Sunday, September 02, 2007

Because images from science fiction really do help...

Italian physics & engineering professor Nicola Pugno generates a lot of discussion (at least in blogosphere) for his scientific work and predictions on carbon nanotubes. Last year, he predicted that carbon nanotubes, even in all of their theorized glory, wouldn't be strong enough for a space elevator cable.

This year, he's more optimistic. No, the space elevator is still a no-go. But he does have high hopes for scaling walls Spiderman-style.

Why does Dr. Pugno catch my eye? His use of science fiction images is not likely to be an accident. When he writes about taking elevators into space or climbing up walls with special adhesive clothing, he invokes strong, myth-like, associations for a range of people- including many who probably don't spend lots of time trolling around peer-reviewed scientific journals.



  1. When I spoke this summer with people active in the space elevator design biz, they were dismissive of Pugno's claims and suggested that his calculations were incorrect.

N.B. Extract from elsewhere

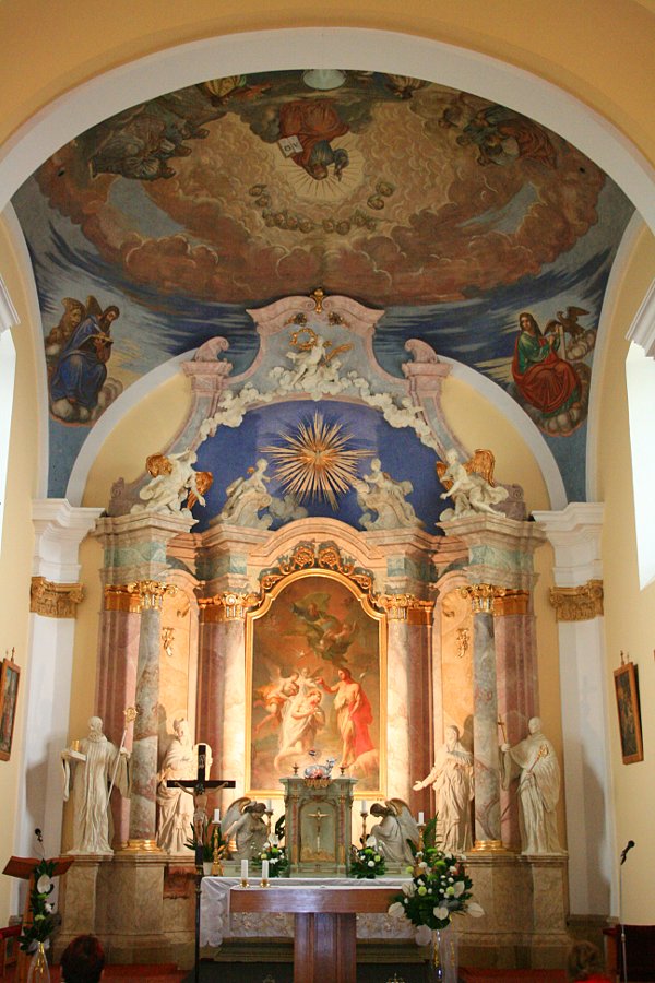 Hlavní oltář je zděný, v roce 2014 zrestaurovaný do původní podoby, jakou měl před 250 lety. Náročná oprava byla hrazena kromě sbírek farníků také příspěvkem obcí, které patří do farnosti, státní dotací a přispěním evropských fondů.

  2. I have begun to wonder if it would be helpful to systematically introduce scientists to great science fiction. I almost think that writing, social implications, and science fiction, should be mandatory parts of a graduate program in science. I know that undergraduate education is where we usually see breadth, and grad school is for depth, but there seems to have been a slight trend towards preparing grad students to be more well-rounded. This can be seen in the now mandatory literature seminar classes in which we refine our speaking skills.